Exercise goal — Transcribe the listing below word for word but skip its images.

Given data —
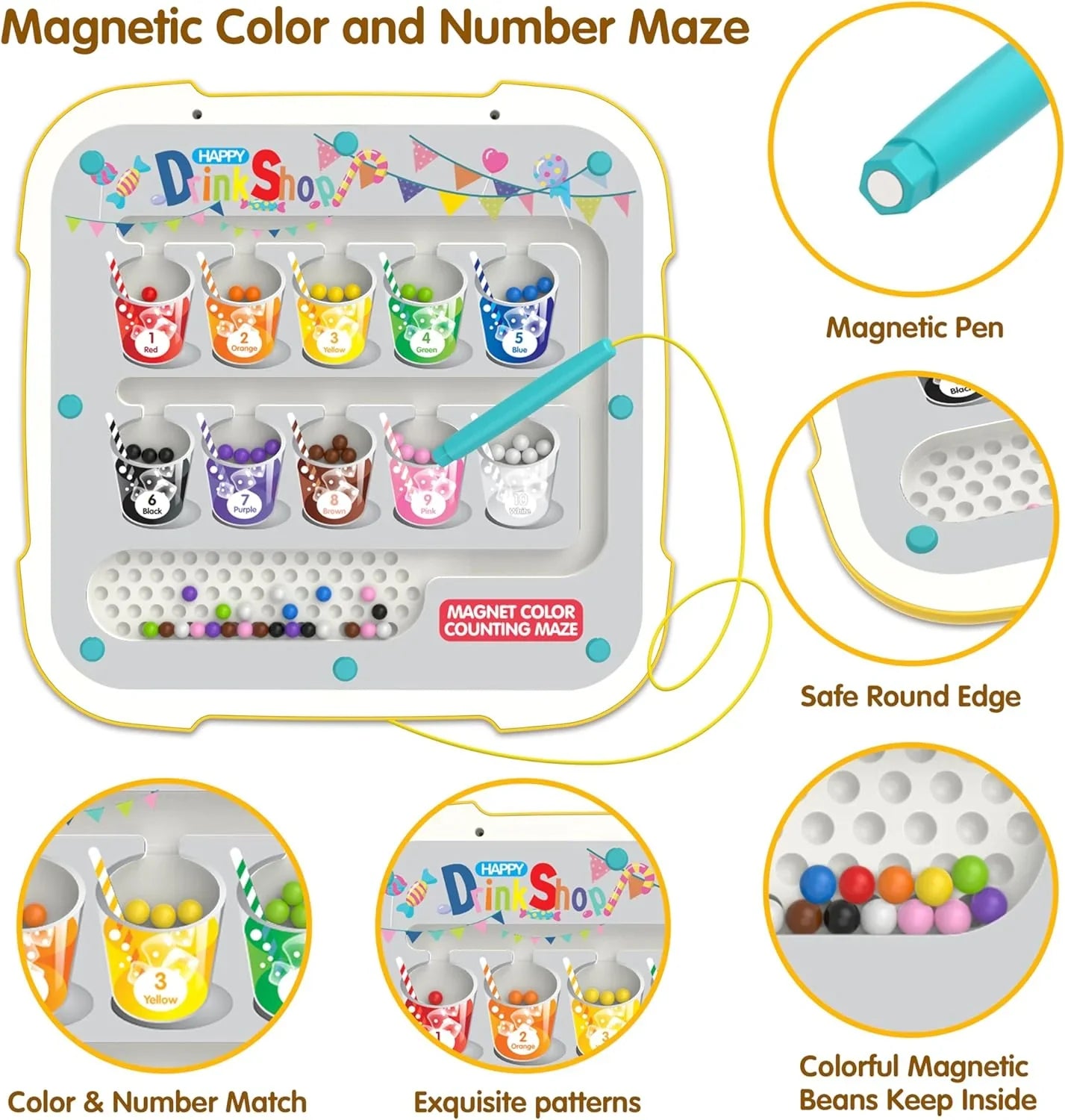 Dual Functionality: Combines a magnetic color and number maze with a Magnetic Dot Board in one versatile toy. Offers two engaging activities to keep toddlers entertained and stimulated.
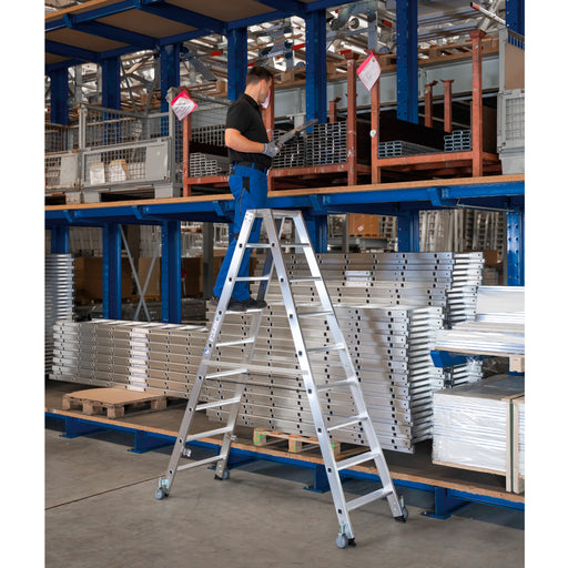 Mycket stabil, inbyggd 4 hjul.80 mm djupa stegpinnar.Finns i 10 höjder: 0,67 - 3,25 m.15 års kvalitetsgaranti.Original pris 6 221,00 kr - Original pris 14 660,00 krOriginal pris6 221,00 kr 14 660,00 kr6 221,00 kr - 14 660,00 krNuvarande pris 6 221,00 kr| /Mycket stabil och lättanvänd dubbelsidig trappstege i aluminium. Inbyggd 4 st självlåsande fjäderbelastade hjul (Ø 80 mm). Starka gångjärn i toppe...
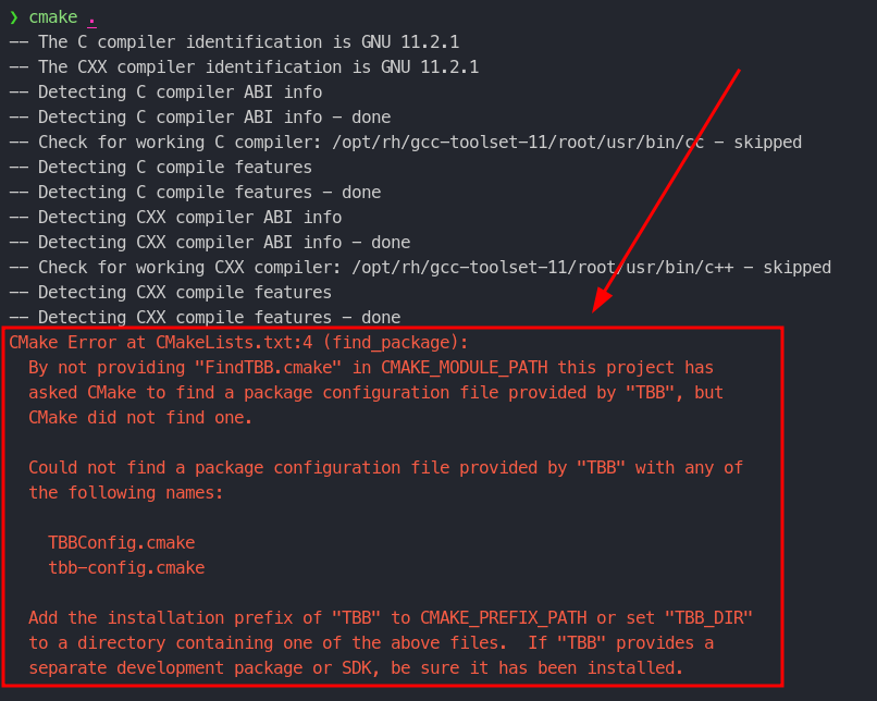 Intel TBB가 설치되지 않은 환경에서 find_package()

Answer area —
 Dual Functionality: Combines a magnetic color and number maze with a Magnetic Dot Board in one versatile toy. Offers two engaging activities to keep toddlers entertained and stimulated.
 Mycket stabil, inbyggd 4 hjul.80 mm djupa stegpinnar.Finns i 10 höjder: 0,67 - 3,25 m.15 års kvalitetsgaranti.Original pris 6 221,00 kr - Original pris 14 660,00 krOriginal pris6 221,00 kr 14 660,00 kr6 221,00 kr - 14 660,00 krNuvarande pris 6 221,00 kr| /Mycket stabil och lättanvänd dubbelsidig trappstege i aluminium. Inbyggd 4 st självlåsande fjäderbelastade hjul (Ø 80 mm). Starka gångjärn i toppe...
 Intel TBB가 설치되지 않은 환경에서 find_package()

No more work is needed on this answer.